Asked what bond he feels with Seattle’s minority students, who, in an overwhelmingly white city, account for more than half of the public school population, he says his concern is for all the students. Asked if he ever faced any discrimination, he answers with a flat “no”, which means end of discussion.

Mr Stanford tells reporters he does not read his own press clippings. His staff, however, provide a small book of them - about 150 photocopied pages from the last year alone - and many are almost adulatory in tone. This year he was given a prime speaking slot at the Democratic Party’s national convention, where he announced “a good education is the best defence for our children”.

There are a few whispers that Mr Stanford’s honeymoon period is coming to an end. His management style is to fire out solutions and ideas, promising to slay sacred cows and give “world-class leadership”. However, some off-the-cuff proposals have backfired, like report cards on parents and offering nicotine patches to kick the habit of teenage smokers. His tenure is approaching the stage when people are beginning to demand results.

“I understand that leadership takes its power from the lead, that I don’t have all the ideas, all the answers,” he said, weaving through the traffic.

“My leadership technique is to take an idea, throw it out there, try for the right answer to the problem as I see it. I don’t do the analysis paralysis. I just decide and I do it.”

One thing is for sure: Mr Stanford has already brought a little star power to the schools and some good public relations in its battles for more funding from the state.

Children greet him in the playgrounds with “Hi, John Stanford” and one elementary school girl asked for his autograph.

Seattle has learned the value of someone who, amazingly, has made the job of school superintendent sexy. He has occasionally landed at schools in a military helicopter and he has enlisted corporate sponsors from Boeing to McDonald’s.

“Love ‘em and lead ‘em” is the motto on a brass plaque on his receptionist’s desk.

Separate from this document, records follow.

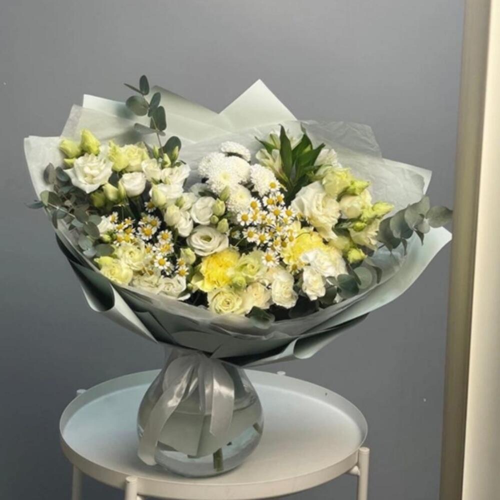 Альстромерия – 2 шт.Лизиантус – 5 шт.Хризантема Сантини – 3 шт.Гвоздика – 3 шт.Матрикария – 3 шт.Упаковка дизайнерская – 1 шт.
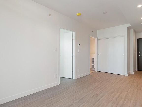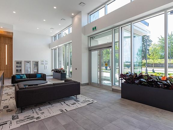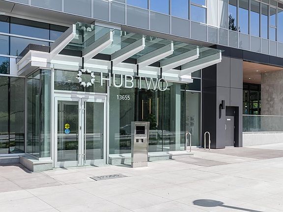 This HUB Two 443sf 1 bedroom condo has a huge 85sf balcony spanning two-thirds the width of the condo, which can be accessed from both the living room and the bedroom. Through the foyer, you enter directly into the open living-dining room with laminate floors, a coat closet, and sleek gallery kitchen. The kitchen features quartz countertops, porcelain backsplash, Bosch integrated fridge, Blomberg integrated dishwasher, Fulgor oven and Bosch induction cooktop. The 4 pcs bathroom comes with large format porcelain floor tiles, quartz countertop, soaker tub w/ large-format porcelain apron, frameless glass shower enclosure, and dual-flush toilet. Rent includes 1 parking stall.
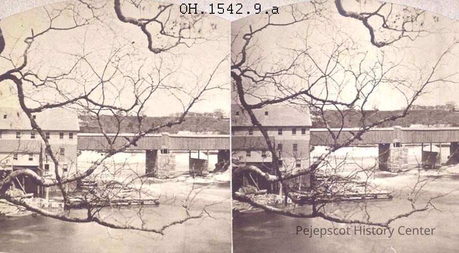 A B/W stereo view of Pejepscot Paper Co. showing the Pulp Mill and Old Bridge, Brunswick/Topsham, ME. The bridge is covered. It shows the Androscoggin River and appears to have been taken from The Brunswick side. Undated
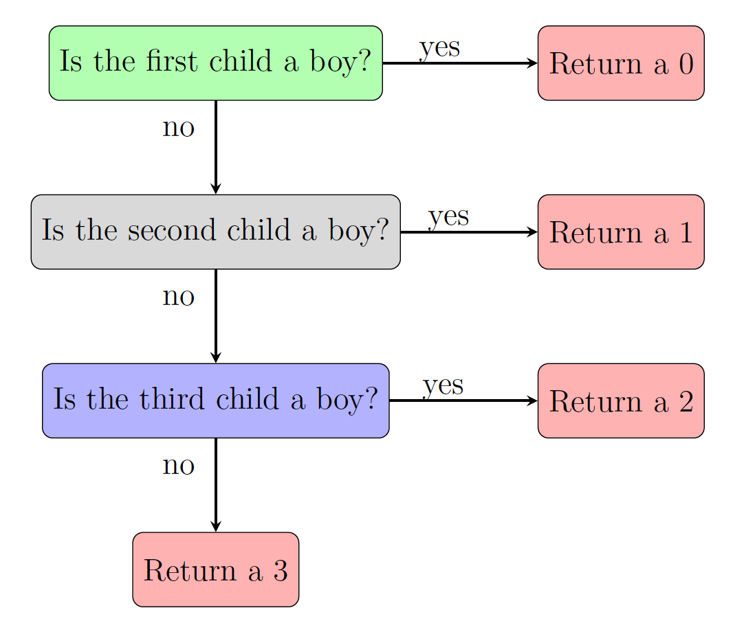 So, we are checking each step whether . (Why again?) Let’s amend the flow chart with the in place of Is the …child a boy. Figure LABEL:fig:FamPlan1 shows this. Since we are checking three steps to see if a boy is produced, we will have three if statements. Don’t forget that this flow chart represents the process to determine how many girls are in one family.
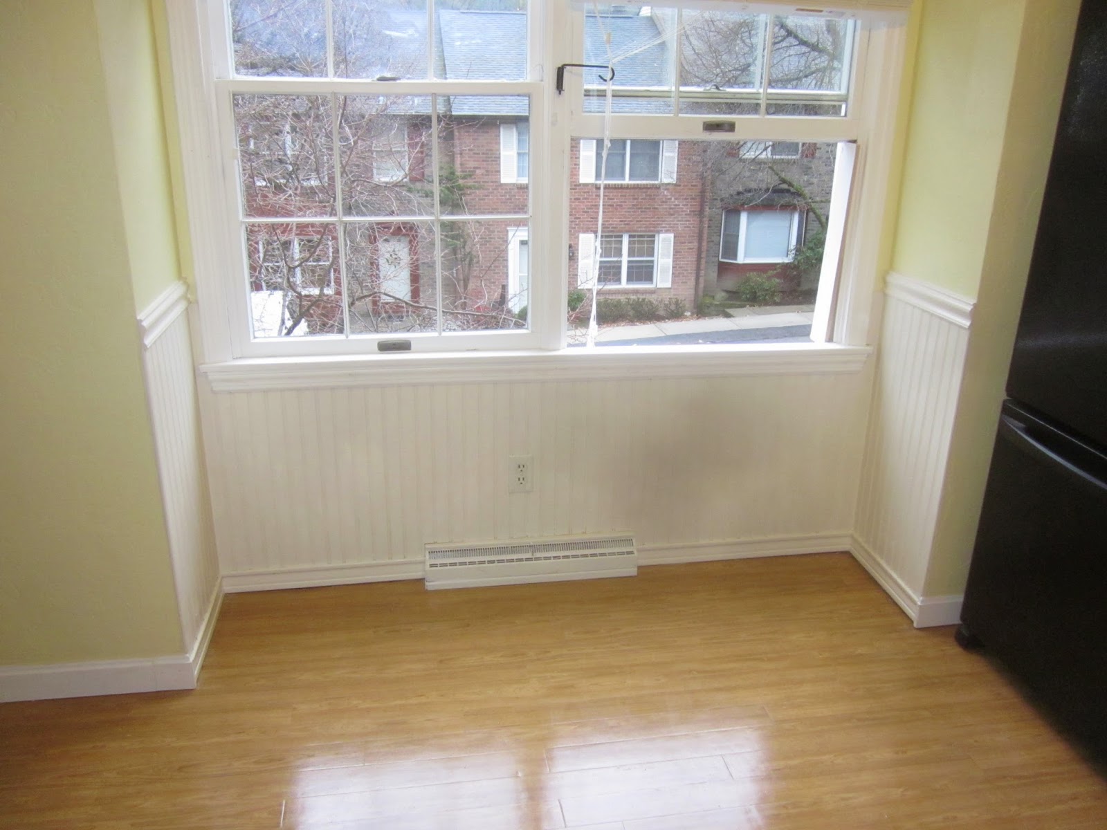 There were 3 different colors on the walls including the green here in the front window. The tile was also a mismatch with other parts of the kitchen, it was installed improperly and it was going to be another item to get removed. Framing around the doorways and front window area would all be removed too. The overall theme was to simplify.
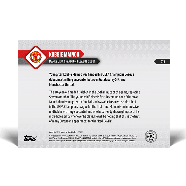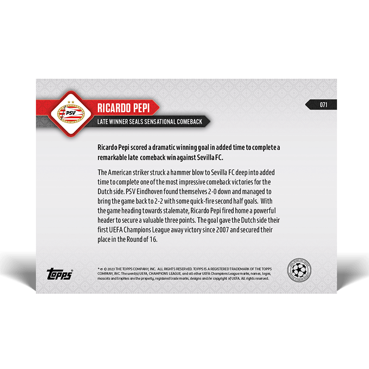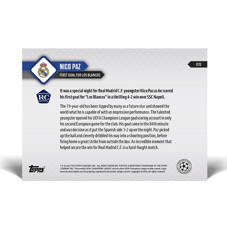 TOPPS NOW « UEFA CHAMPIONS LEAGUE 2023/24 » : visuel des cartes 070 à 076 (matchs de groupe du 29/11) Thierry K.09/12/202309/12/2023ACTUALITÉS, DÉCOUVERTE, EDITION LIMITÉE Navigation des articles PrécédentSuivant Partager : Cliquer pour imprimer(ouvre dans une nouvelle fenêtre) Imprimer Cliquer pour envoyer un lien par e-mail à un ami(ouvre dans une nouvelle fenêtre) E-mail Cliquez pour partager sur Facebook(ouvre dans une nouvelle fenêtre) Facebook Cliquer pour partager sur X(ouvre dans une nouvelle fenêtre) X J’aime chargement… Articles similaires
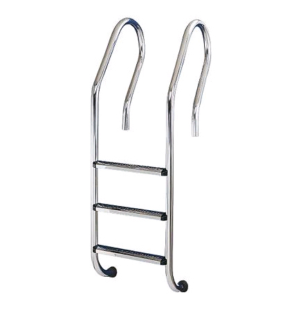 Лестница 3 ступени (у.б.) PARALLEL. Три ступеньки с противоскользящими пластиковыми накладками. Крепежные элементы - пластиковые стаканы. Лестница предназначена для полностью заглубленных бассейнов с узким бортом. Верхняя часть поручней опускается в стаканы. Нижняя часть лестницы упирается в стену бассейна. Ступени крепятся к поручням с помощью болтов.
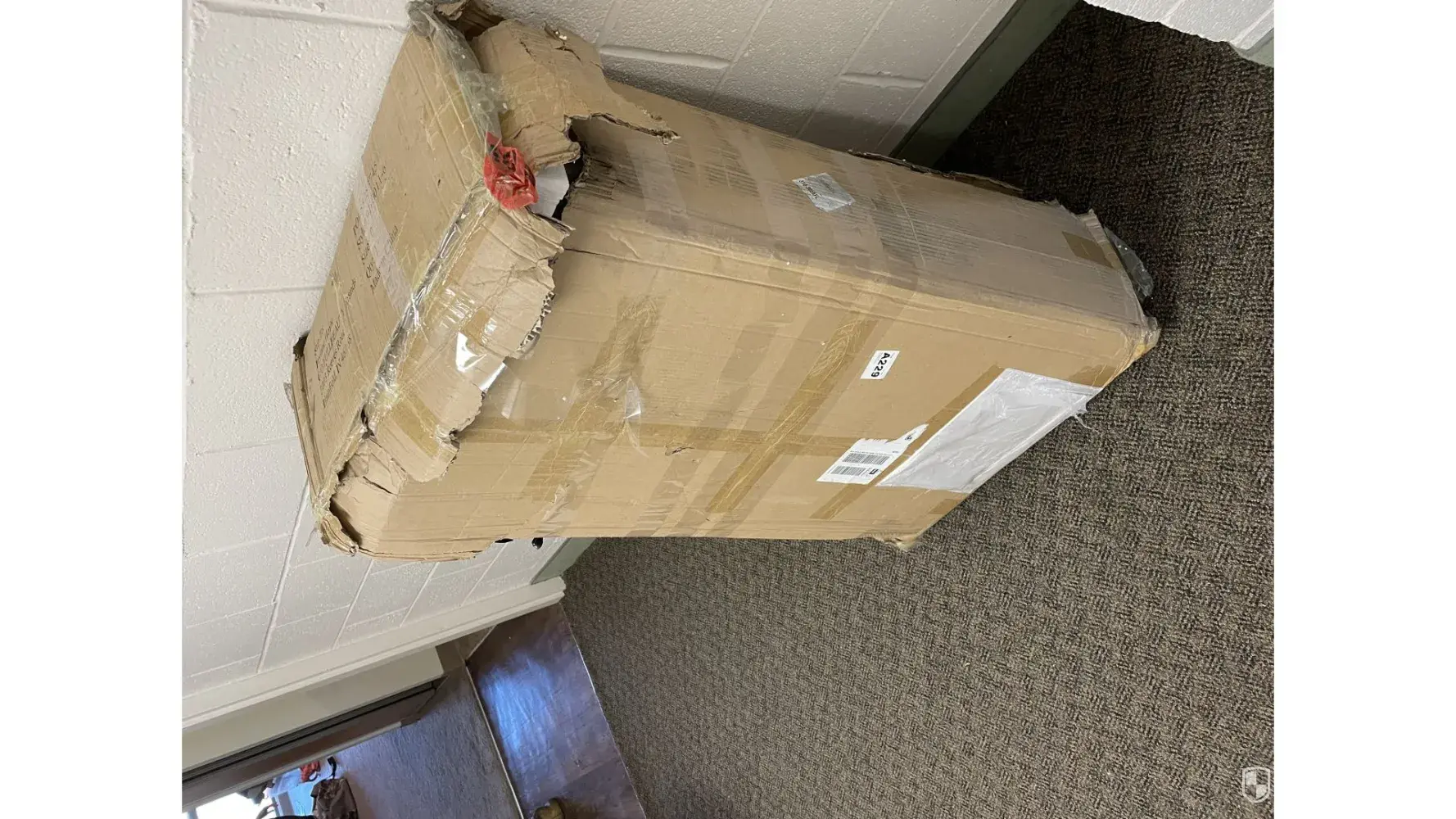 Desired outcome: We/I would appreciate someone to arrange packing this box for return and pick up. The original box is destroyed and arrived so! The packing material is all flying away and disintegrating.

In promising radical reform, Mr Stanford is blessed with a state - Washington - and particularly a city - Seattle - that prides itself on tolerance, innovation, left-of-centre politics and an almost proletarian chic.

His new financial management system, for example, promises that dollars will follow students, not based on simple numbers but linked to the degree of social and economic disadvantage pupils suffer, which is measured by bilingualism (ie the children of recent immigrants), those eligible for free lunches from the state, and disabilities.

The pride of his first year is the Meany Middle School. With 76 per cent of its children from minority groups, the school was notorious as a place where achievement by most measures “had been failing”, he said.

Mr Stanford closed it down, then reopened it as a top-grade “magnet school”, where he promised a laptop for every new pupil (something, however, he has not yet managed to deliver).

Existing teachers had to reapply for their jobs to his new hand-picked principal. Only 12 of 31 staff made the cut. His promise to close schools if necessary has been one of his most controversial policies, and so far Meany is the only example.

But he warned: “I may have to do it again.”